そこで、本研究では、児童が地域をどのように捉え、活用しているのかを明らかにする。その上で、児童の心理のうち、抵抗感に着目し、その緩和につながる要因を明らかにすることを目的とする。
(1)調査対象と調査方法
A県B市C町の小・中学校に通う児童・生徒のうち小学校5年生以上309人を対象に,自記式調査票を用いた集合調査を実施した.調査期間は,2009年7月とし,クラス担任に配布・回収を依頼した.
(2)調査項目
質問紙内の調査項目は,以下の内容とした.①他人への信頼に関する項目(2項目)②日常的なつきあいに関する項目(6項目)③地域活動に関する項目(3項目)④自分自身の生活に関する項目(3項目)、⑤発達に関する項目(1項目)(6)、⑥高齢者・障害者との関わりに関する項目(7項目)⑦対象者の属性に関する項目(3項目)の7点を設定した.
調査の手続きとしては,調査実施にあたり調査票の内容および方法について,小学校長および中学校長に調査票の確認を依頼,許可がでたうえで実施した.また,調査実施時には,対象者に調査の趣旨,成績には関係ないこと,プライバシーは保護されること,調査への参加は任意であることを明示した.また,回収時には,対象者自身が配布した封筒に入れ,封をすることで,研究者以外がみることができないようにした.
4.研 究 結 果1.児童の地域のとらえ方の特徴
児童が、地域をどのように捉えているのかを明らかにするために、ソーシャル・キャピタルを用いて測定し、指針とすることを試みた。ソーシャル・キャピタルとは、「規範」・「信頼」・「ネットワーク」といった構成要素をもつ社会資本であり、近年、コミュニティの再生の研究において注目されている。
児童をとりまくソーシャル・キャピタルの特徴としては,「つきあい・交流」と「信頼」の中で,友人の項目が,小学生,中学生ともに突出して高いことが明らかとなった.特に,中学生においてはそれが顕著であり,「つきあい・交流」や「信頼」は,友人に凝縮されていると考えられる.このことから,児童のソーシャル・キャピタルは,友人を中心とした結合型ソーシャル・キャピタルを強く意識していると考えられる.

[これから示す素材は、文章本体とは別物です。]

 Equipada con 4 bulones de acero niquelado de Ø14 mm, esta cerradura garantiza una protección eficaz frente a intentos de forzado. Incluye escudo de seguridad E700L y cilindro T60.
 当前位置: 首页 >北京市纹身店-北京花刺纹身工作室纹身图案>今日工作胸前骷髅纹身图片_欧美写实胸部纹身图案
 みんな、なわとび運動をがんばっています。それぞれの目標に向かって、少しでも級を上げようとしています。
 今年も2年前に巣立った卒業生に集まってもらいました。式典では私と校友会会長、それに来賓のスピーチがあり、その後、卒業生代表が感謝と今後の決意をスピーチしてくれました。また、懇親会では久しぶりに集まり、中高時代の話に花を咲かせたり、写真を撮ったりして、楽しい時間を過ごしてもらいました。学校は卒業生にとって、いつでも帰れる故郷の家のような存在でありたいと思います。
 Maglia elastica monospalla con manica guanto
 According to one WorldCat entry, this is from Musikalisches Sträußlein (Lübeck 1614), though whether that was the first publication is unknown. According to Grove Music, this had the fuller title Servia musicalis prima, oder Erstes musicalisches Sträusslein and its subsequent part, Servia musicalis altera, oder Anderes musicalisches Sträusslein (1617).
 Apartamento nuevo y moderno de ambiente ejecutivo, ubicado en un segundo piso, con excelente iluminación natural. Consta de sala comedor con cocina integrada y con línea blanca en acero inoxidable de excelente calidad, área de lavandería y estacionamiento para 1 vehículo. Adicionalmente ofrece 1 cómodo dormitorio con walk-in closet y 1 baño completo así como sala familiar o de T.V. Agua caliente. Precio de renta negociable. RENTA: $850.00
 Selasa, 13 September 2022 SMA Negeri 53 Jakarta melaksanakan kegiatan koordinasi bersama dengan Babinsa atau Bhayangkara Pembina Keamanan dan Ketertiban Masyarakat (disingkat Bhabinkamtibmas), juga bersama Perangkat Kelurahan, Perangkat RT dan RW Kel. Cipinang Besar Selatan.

2.高齢者や障害者に関わる際に心理的影響を及ぼす要因
児童が高齢者や障害者と関わる際の心理的影響を考察するために、本研究では関わることへの抵抗感を測定した。その結果、性差での抵抗感への影響はみられなかった。しかし、小学校と中学校では、「施設を利用しているお年寄り」、「体に障害のある人」、「体以外に障害のある人」、「近所の大人」の4項目で小学校よりも中学校の方が抵抗感のないことが明らかになった。また、ソーシャル・キャピタルの構成要素と抵抗感との関係から、ソーシャル・キャピタルが高い群が低い群よりも抵抗感がないことが明らかとなった。つまり、年齢による差異とともに児童のもつソーシャル・キャピタルが影響していると考えられる。